TASK PROMPT: Take the entries below and reproduce exactly the portion that begins at the line containing "The problem occurs" and ends at the line containing "Here are another", keeping both ends, dropping pictures, and adding nothing else.

DATA TO PROCESS:
▼
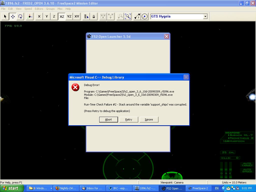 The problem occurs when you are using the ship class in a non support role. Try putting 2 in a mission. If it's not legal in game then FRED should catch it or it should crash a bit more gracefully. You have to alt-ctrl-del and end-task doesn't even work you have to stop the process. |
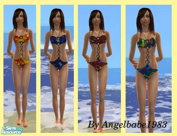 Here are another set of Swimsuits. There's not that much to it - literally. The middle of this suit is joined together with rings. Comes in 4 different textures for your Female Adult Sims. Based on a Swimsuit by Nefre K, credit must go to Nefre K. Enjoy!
▲
▼
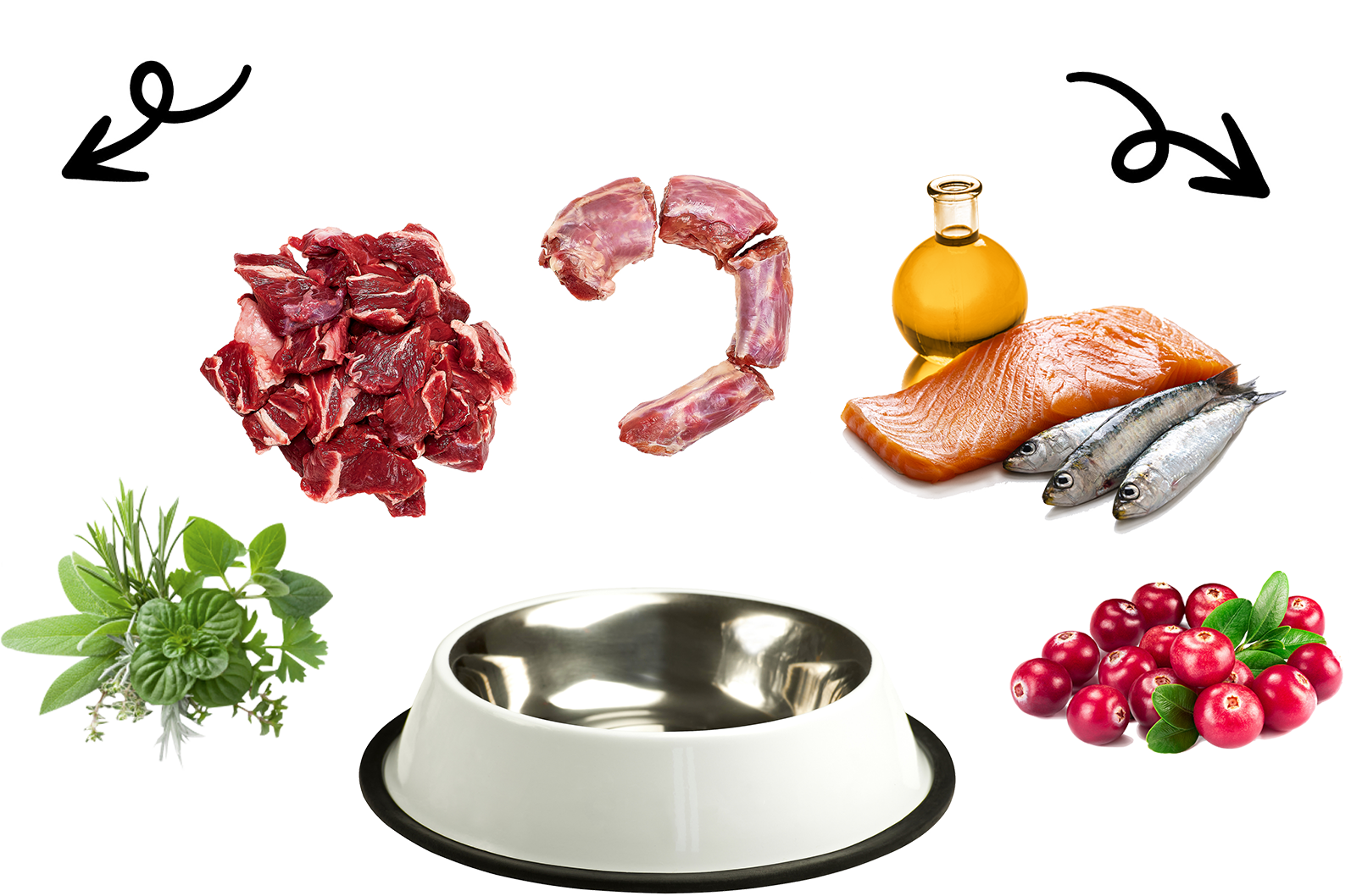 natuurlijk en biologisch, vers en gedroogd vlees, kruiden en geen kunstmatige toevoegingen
▲
▼
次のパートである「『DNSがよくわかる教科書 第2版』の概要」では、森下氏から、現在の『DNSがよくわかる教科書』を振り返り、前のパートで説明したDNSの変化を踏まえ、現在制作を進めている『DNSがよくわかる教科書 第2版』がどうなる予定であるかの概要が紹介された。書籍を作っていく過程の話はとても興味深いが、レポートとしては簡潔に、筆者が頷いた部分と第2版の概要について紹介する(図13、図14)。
▲
RESPONSE BELOW:
 The problem occurs when you are using the ship class in a non support role. Try putting 2 in a mission. If it's not legal in game then FRED should catch it or it should crash a bit more gracefully. You have to alt-ctrl-del and end-task doesn't even work you have to stop the process. |
 Here are another set of Swimsuits. There's not that much to it - literally. The middle of this suit is joined together with rings. Comes in 4 different textures for your Female Adult Sims. Based on a Swimsuit by Nefre K, credit must go to Nefre K. Enjoy!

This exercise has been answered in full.